This article appeared on LinkedIn on 5th April 2017, and you can read it in full here.
Earlier this week I saw an item on LinkedIn where someone was asking advice about building a SOC (Security Operations Centre). It set me thinking that often we see a great clamour for solutions, for the latest shiny bit of kit with flashing lights and a cool name, but do we ever stop to wonder why we need it?
Before we even look at equipment or software, the very first step should be to look at our business objectives. Why are we doing what we do, and do our objectives help achieve that? What is our end goal? Without knowing this, how can we possibly determine the best solution for our needs?
We should then look at our risk registers, to identify the key areas of risk, and to determine whether by mitigating any of those we will reach our end goal – or at least be closer to it than we currently are. How many of those risks require human interaction, and how many are dependent on hardware and software?
Looking at our policies and procedures next, we should try to establish whether they are helping us achieve our stated aims, or are they hindering that task? Are we able to amend the working processes in a way that makes them cost effective and help us meet our business goals?
Do your staff understand the business objectives, and are they appropriately skilled / experienced to help reach those objectives? If not, what do they need to help them understand, and what training / guidance do they need?

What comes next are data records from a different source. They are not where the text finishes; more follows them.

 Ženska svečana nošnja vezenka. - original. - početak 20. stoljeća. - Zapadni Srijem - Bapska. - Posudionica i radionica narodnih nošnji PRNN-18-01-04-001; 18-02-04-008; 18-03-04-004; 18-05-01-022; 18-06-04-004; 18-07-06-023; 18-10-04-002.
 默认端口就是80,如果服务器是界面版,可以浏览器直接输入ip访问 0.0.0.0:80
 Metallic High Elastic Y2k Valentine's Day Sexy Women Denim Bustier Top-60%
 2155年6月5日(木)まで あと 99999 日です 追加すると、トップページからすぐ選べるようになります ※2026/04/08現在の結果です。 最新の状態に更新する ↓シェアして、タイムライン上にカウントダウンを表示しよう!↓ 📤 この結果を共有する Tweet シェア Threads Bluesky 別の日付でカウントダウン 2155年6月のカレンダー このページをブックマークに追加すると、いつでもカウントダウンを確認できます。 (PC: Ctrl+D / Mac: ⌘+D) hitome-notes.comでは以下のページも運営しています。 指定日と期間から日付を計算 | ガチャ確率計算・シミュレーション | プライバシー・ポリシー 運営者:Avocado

Once you’ve gone through all these steps, you’ll have a good idea of what’s missing, what is preventing you from achieving your business goals. Write these down, as they will form the basis of a specification document which will identify the requirements of any solutions you need. It might not be that big shiny box from vendor A: it might be additional training for your staff, it might be a paper based process or it might be a bit of software instead. You’ll also have some idea of the level of risk, and how much money you’re able to devote to addressing the gap, through a cost benefits analysis. This will help determine your budget for any additional actions / solutions you find that you need. In some cases it boils down to scale, and the type of business. For example, why would an SME with 5 people working in an office need their own SOC? They may need one, but could probably outsource it rather than build and maintain their own much more cheaply.

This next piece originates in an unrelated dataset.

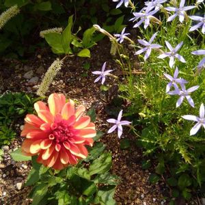 ダリア ラベラ・グランデが開花しました🏵️✨ 冬に枯れたのが春に芽吹き、花が咲くと、 うまく育ってるな~ と、 嬉しくなります☺️ 種から育てた二年目のイソトマと一緒に📸

I’ve worked on a number of consulting engagements where the client has told me they need the latest and greatest bit of kit, but when pressed for the reason behind this decision they could only come up with “because all my competitors are using it so I should have it too” or “the salesman told me it would solve all my problems”. Those are hardly sound business reasons, wouldn’t you agree?
I was speaking at an event recently, one of a long series, and the moderator told be before it began that they’d had quite a few people in, from the intelligence community as well as vendors, telling the attendees that this gadget or this software would solve all their problems, would address their biggest issues, would remove most of their risk. Fabulous claims, but how could they be sure? They didn’t know the attendees’ businesses, they didn’t know the policies, processes, controls and systems the attendees already had in place, they didn’t know what the attendees’ risks were – so how could they possibly offer a solution? It doesn’t make logical sense, does it?
I’m reading a really good book at the moment, called Start With Why by Simon Sinek. It very sensibly suggests that before setting out to build a new business, or to grow an existing venture, you should ask yourself why you are doing it. The same applies to technical solutions I think – work out why you are doing what you are doing, and why you need to change, then take things from there. The answer may not be that super cool shiny box with lots of flashing lights.